Undersampling and oversampling attack the same problem from opposite directions. The table below summarizes the main differences.

Aspect	Undersampling	Oversampling
Operates on	Majority class	Minority class
Effect on dataset size	Smaller	Larger
Risk of overfitting	Lower (no synthetic or duplicated points)	Higher (copies or interpolated points)
Risk of information loss	Higher (real majority samples discarded)	Lower (no original data dropped)
Training time	Faster than baseline	Slower than baseline
Common methods	Random undersampling, Tomek links, ENN, NearMiss, OSS	Random oversampling, SMOTE, ADASYN, Borderline-SMOTE
Works well when	Majority class is large and partially redundant	Minority class is too small to define its own region
Often combined with	Ensembles, threshold tuning, calibration	Cleaning steps such as Tomek links or ENN

In practice the choice is rarely binary. SMOTE+Tomek and SMOTE+ENN combine an oversampling step with an undersampling cleaning step, and balanced ensemble methods such as EasyEnsemble and Balanced Random Forest build many small undersampled subsets and average over them. The goal in all of these is to keep the noise-reduction benefit of cleaning the majority class while avoiding the variance and information loss of a single aggressive cut.

random undersampling

The simplest method is random undersampling, which uniformly drops majority examples until the desired ratio is reached. If the majority class has 100,000 samples and the minority class has 1,000, random undersampling at a 1:1 ratio keeps a random 1,000 majority points and discards the other 99,000.

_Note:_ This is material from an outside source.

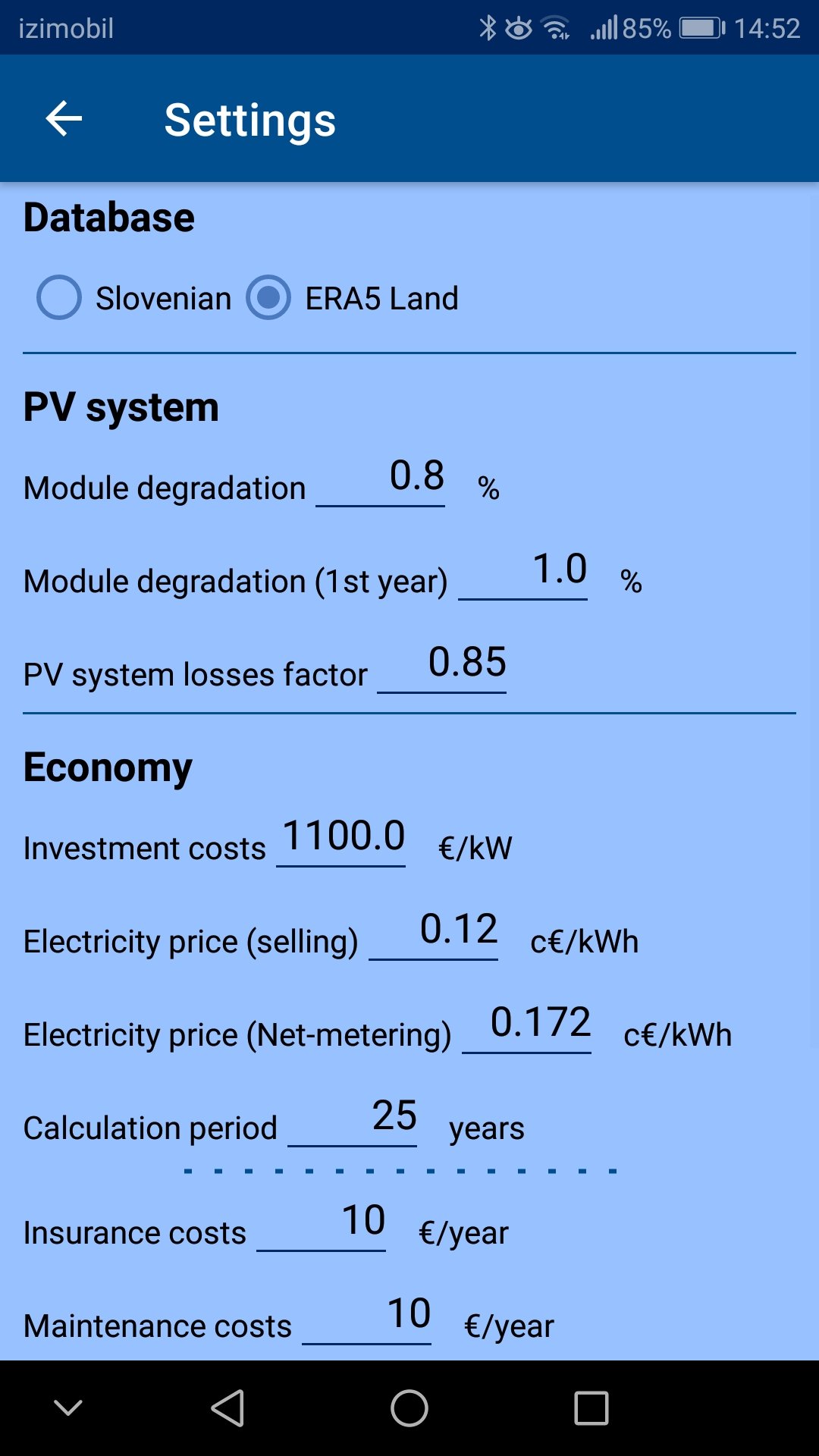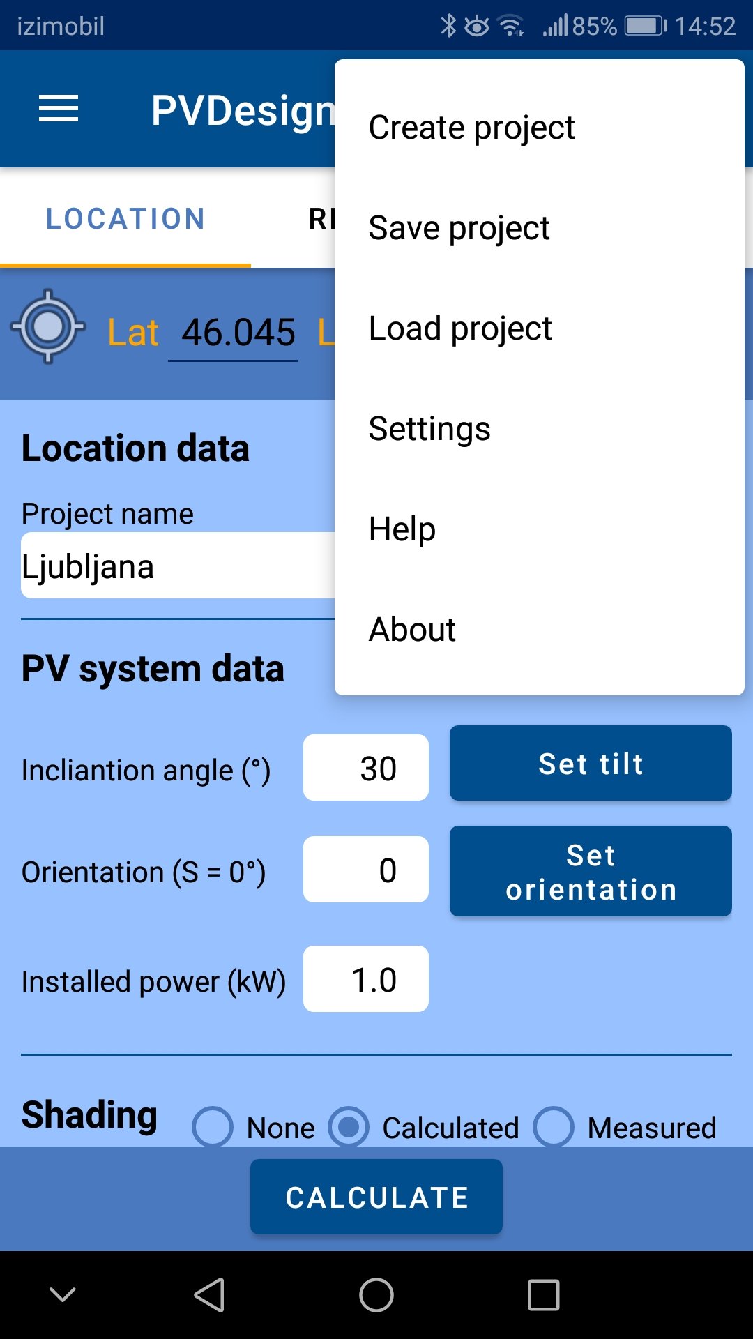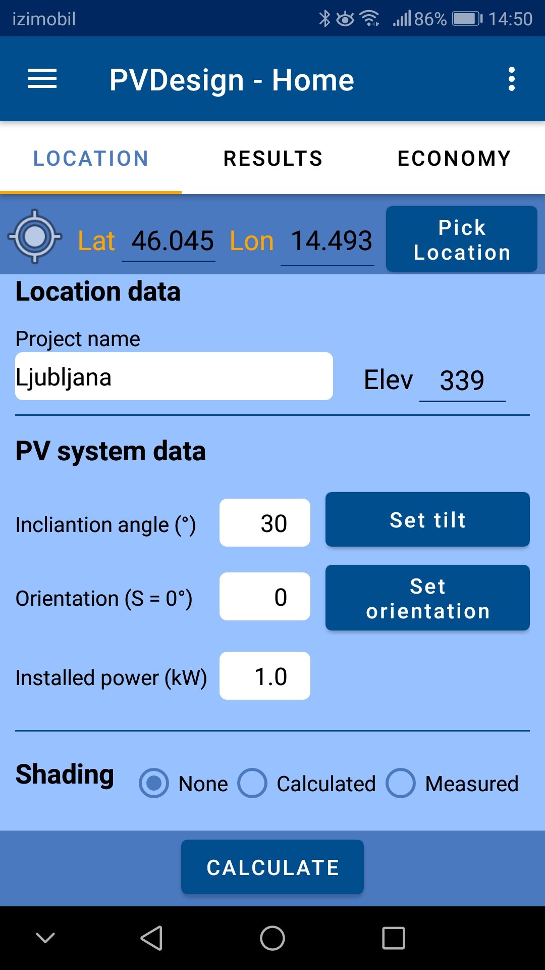 Na začetni strani vnesete osnovne podatke o lokaciji elektrarne in s pomočjo gumbo Izračunaj/Calculate izračunate donos sončne elektrarne. Za določitev naklona, orientacije in horizonta je potrebna kalibracija telefona. Za kalibracijo senzorjev sledite splošnim kalibracijskim navodilom (vrtenje telefona okoli vseh treh osi).

Random undersampling is fast, requires no hyperparameter tuning beyond the target ratio, and works on any data type because it does not depend on a distance metric or a feature-space neighborhood. It is a strong baseline in imbalanced-learn and in many production pipelines, and it underlies more advanced ensemble methods such as Balanced Random Forest and RUSBoost.

The drawbacks are also straightforward. Removing data uniformly throws away potentially informative majority points along with redundant ones. The resulting model has higher variance, since the kept subset is small and depends on the random seed, and the predicted probabilities are biased because the prior in the training set no longer matches the true prior in the test distribution. The first issue is usually addressed with ensembling over multiple undersampled subsets; the second is addressed with calibration or prior correction, both discussed below.

informed undersampling techniques

Informed undersampling methods choose which majority points to drop instead of relying on chance. Most of them are descendants of the prototype-selection literature from the 1960s and 1970s on k-nearest neighbors, repurposed for class imbalance. The table below summarizes the main families.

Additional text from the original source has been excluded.